The investigators ended up recruiting 20 adult participants with diverse long COVID symptoms who were in the age range of 22 - 63 years, with the average age being 44.1 years. The research team used a single-arm study, with 16 out of the 20 subjects involved being able to successfully finish all 6 biofeedback sessions and 14 completing the team’s assessments at the 3-month follow-up meeting occurring post-treatment.
The aforementioned surveys were immediately filled out once more following the subjects’ completion of the 6 weekly single-hour sessions. The sessions themselves involved a combination of heart rate variability and temperature biofeedback, with the overall goal being to improve participants’ somatic complaints, mood, and disturbances in their sleep.

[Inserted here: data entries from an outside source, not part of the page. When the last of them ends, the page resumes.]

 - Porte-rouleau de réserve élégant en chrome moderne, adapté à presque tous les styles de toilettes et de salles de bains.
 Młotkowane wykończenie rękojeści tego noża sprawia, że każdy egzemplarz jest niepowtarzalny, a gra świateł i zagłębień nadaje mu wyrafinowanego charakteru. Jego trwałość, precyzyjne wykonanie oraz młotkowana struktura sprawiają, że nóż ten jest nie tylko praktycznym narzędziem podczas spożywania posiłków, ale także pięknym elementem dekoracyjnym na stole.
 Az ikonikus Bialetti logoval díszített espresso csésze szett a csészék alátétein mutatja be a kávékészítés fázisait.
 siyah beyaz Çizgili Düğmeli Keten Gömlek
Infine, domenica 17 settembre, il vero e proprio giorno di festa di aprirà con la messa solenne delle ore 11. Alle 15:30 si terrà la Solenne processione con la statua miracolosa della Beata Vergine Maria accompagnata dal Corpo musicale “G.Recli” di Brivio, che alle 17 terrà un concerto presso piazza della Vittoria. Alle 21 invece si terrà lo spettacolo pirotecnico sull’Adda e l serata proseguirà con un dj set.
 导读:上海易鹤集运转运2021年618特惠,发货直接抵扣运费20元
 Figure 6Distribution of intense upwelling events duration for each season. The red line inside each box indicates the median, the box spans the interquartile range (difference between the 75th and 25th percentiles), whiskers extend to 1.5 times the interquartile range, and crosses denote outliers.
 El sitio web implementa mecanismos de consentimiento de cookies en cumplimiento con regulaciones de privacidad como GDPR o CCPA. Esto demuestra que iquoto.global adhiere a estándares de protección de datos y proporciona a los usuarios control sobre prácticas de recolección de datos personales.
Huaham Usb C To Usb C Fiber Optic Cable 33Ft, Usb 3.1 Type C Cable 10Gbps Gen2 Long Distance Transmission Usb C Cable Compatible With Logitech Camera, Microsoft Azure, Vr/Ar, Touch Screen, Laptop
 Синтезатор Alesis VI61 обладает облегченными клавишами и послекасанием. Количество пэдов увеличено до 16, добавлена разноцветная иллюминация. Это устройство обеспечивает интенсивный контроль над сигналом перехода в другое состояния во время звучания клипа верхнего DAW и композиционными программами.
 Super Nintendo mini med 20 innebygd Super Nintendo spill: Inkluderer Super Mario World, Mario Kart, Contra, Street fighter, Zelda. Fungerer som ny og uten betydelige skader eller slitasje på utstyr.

Overall, the research team reported that the subjects showed substantial improvements in somatic, anxiety, and depressive symptoms, as well as quality of sleep, quality of life, and the reduction in so-called ‘bad days.’ These improvements were observed by the team immediately following the intervention’s conclusion as well as in the 3 months following.
In a notable finding, the investigators showed at the 3-month mark there had been a decrease in medical visits (ES = 0.85), in addition to improvements in subjects’ emotional well-being (ES = 0.97) and a diminished use of prescription drugs (odds ratio = 0.33). Generally speaking, the study’s participants were able to improve their occupational and social involvement to manage long COVID symptoms.
The team did note, however, that some of the participants were also concurrently given psychotherapy and other treatments such as acupuncture, potentially influencing the noted improvements. So despite the positive findings, the investigators addressed such limitations in their research, highlighting as well the lack of a comparison group, smaller sample size, and a within-subject design that may have limited the trial’s generalizability.
“Our biggest hope is that we’ve identified a way to alleviate chronic physical symptoms that are not successfully treated by standard biomedical approaches, and that we did so with a short-term, non-pharmacological model that is easily scalable,” Emerson said in a statement, later adding. “It is important to underscore that…patients with long COVID are not in control of their symptoms and are not faking or exaggerating what they report to their doctors.”